- Exercise instructions:
Reproduce exactly, and only, the lines of the material below running from the line bearing "5。7kgの特ヒラメ 初め4.2kg 3.0kg" through the line bearing "Höhen und Seitenruder". Leave any pictures out.
··· Excerpted data
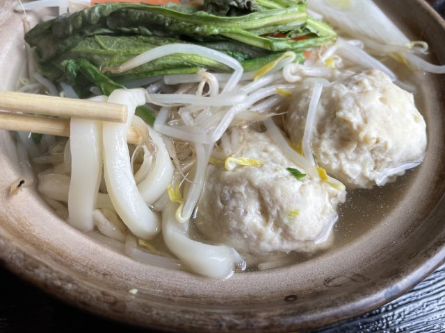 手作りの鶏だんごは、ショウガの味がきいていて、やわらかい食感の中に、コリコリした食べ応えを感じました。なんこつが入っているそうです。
······
··· Excerpted data
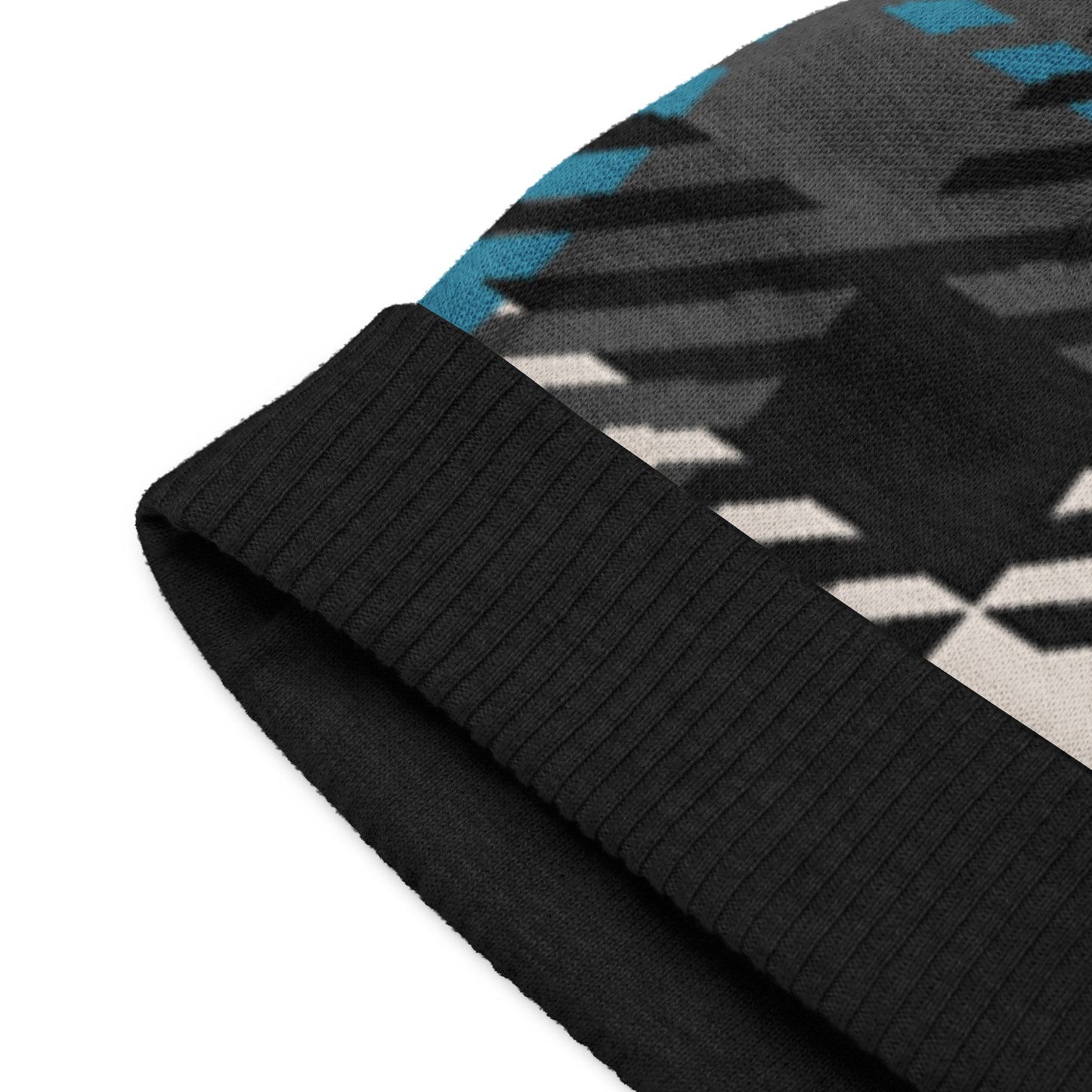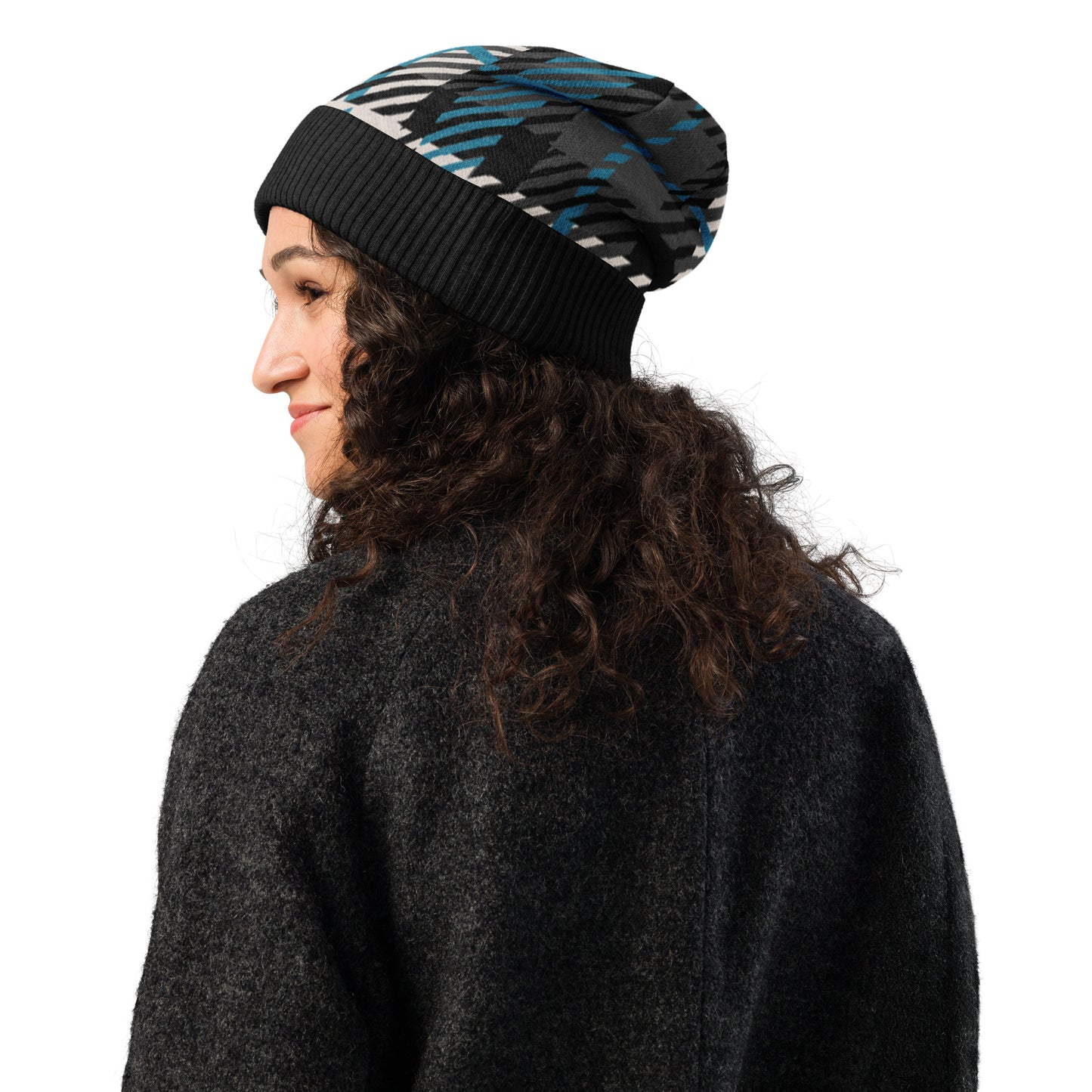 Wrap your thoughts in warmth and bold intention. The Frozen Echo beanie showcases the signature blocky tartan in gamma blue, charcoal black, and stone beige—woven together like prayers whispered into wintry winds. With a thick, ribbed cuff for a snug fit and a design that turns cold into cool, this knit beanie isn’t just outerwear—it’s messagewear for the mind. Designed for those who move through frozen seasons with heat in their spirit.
······
··· Excerpted data
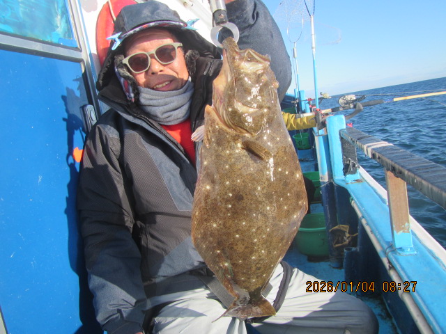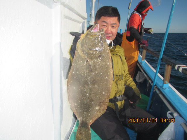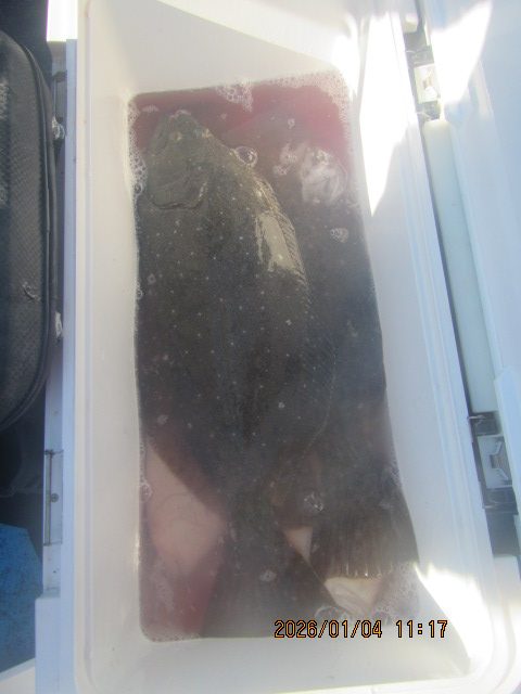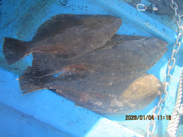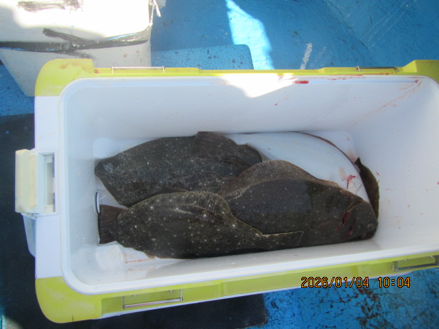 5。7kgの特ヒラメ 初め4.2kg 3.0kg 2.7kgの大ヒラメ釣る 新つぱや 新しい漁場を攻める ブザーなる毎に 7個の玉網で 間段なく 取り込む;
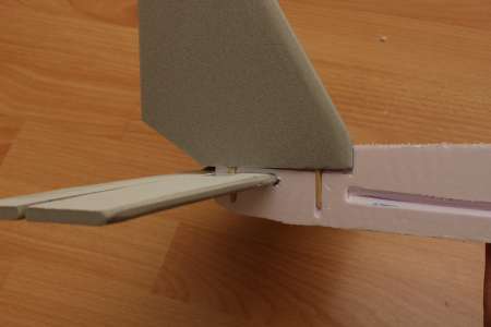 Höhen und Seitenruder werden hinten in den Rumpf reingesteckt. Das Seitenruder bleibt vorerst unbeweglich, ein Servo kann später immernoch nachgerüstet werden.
······
- Task solution:
 5。7kgの特ヒラメ 初め4.2kg 3.0kg 2.7kgの大ヒラメ釣る 新つぱや 新しい漁場を攻める ブザーなる毎に 7個の玉網で 間段なく 取り込む;
 Höhen und Seitenruder werden hinten in den Rumpf reingesteckt. Das Seitenruder bleibt vorerst unbeweglich, ein Servo kann später immernoch nachgerüstet werden.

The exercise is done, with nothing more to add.